ASSIGNMENT =
Only the line containing "Девочка учит английский вместе с учителем" and the lines after it, through the end of the entries, should be output exactly.

RECORDS PROVIDED =
※ ※ ※

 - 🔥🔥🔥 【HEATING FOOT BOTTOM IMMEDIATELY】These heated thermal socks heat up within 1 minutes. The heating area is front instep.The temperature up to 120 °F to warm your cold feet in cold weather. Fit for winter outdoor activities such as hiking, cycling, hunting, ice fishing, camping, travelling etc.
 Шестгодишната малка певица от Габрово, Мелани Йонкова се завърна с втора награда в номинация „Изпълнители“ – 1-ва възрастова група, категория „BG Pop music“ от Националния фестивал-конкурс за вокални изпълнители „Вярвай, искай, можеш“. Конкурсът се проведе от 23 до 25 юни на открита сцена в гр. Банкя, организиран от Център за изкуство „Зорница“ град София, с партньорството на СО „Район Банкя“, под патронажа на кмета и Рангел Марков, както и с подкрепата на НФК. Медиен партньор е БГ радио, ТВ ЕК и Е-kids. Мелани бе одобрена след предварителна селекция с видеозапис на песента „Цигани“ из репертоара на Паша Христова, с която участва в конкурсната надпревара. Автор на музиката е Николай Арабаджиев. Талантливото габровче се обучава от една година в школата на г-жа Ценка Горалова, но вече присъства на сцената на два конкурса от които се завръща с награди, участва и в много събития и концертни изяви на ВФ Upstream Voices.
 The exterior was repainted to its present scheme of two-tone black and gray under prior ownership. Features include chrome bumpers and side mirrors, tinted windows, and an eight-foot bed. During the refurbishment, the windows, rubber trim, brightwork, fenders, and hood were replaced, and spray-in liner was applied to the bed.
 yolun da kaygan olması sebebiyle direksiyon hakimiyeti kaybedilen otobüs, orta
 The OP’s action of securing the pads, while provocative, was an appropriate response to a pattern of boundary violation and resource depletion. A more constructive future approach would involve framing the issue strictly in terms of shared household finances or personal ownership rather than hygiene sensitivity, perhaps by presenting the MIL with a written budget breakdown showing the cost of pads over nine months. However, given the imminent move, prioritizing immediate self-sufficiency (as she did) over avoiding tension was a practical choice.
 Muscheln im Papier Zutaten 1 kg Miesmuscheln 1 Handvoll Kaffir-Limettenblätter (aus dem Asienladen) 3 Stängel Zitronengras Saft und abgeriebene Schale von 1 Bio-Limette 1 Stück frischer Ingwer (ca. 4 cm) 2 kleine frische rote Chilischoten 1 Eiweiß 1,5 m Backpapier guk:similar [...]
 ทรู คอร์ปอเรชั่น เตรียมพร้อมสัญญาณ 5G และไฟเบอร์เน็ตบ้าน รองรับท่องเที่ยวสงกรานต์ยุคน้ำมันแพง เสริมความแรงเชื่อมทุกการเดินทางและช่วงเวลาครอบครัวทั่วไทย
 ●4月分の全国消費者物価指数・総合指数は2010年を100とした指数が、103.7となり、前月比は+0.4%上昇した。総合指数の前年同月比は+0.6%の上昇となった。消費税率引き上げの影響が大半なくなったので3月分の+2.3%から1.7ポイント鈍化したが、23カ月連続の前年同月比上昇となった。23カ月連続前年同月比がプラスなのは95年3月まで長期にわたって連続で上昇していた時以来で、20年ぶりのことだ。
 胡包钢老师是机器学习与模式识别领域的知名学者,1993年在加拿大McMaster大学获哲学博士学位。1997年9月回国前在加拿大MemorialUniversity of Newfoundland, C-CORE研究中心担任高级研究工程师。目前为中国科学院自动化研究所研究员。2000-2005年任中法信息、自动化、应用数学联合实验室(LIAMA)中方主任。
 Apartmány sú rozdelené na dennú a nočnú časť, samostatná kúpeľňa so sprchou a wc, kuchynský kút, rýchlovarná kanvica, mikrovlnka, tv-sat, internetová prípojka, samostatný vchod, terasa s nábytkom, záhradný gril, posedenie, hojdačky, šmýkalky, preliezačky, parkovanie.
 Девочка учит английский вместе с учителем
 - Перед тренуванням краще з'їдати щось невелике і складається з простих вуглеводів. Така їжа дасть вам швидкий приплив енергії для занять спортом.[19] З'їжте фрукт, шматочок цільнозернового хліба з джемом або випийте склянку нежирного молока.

※ ※ ※

ANSWER TO THE PROBLEM =
 Девочка учит английский вместе с учителем
 - Перед тренуванням краще з'їдати щось невелике і складається з простих вуглеводів. Така їжа дасть вам швидкий приплив енергії для занять спортом.[19] З'їжте фрукт, шматочок цільнозернового хліба з джемом або випийте склянку нежирного молока.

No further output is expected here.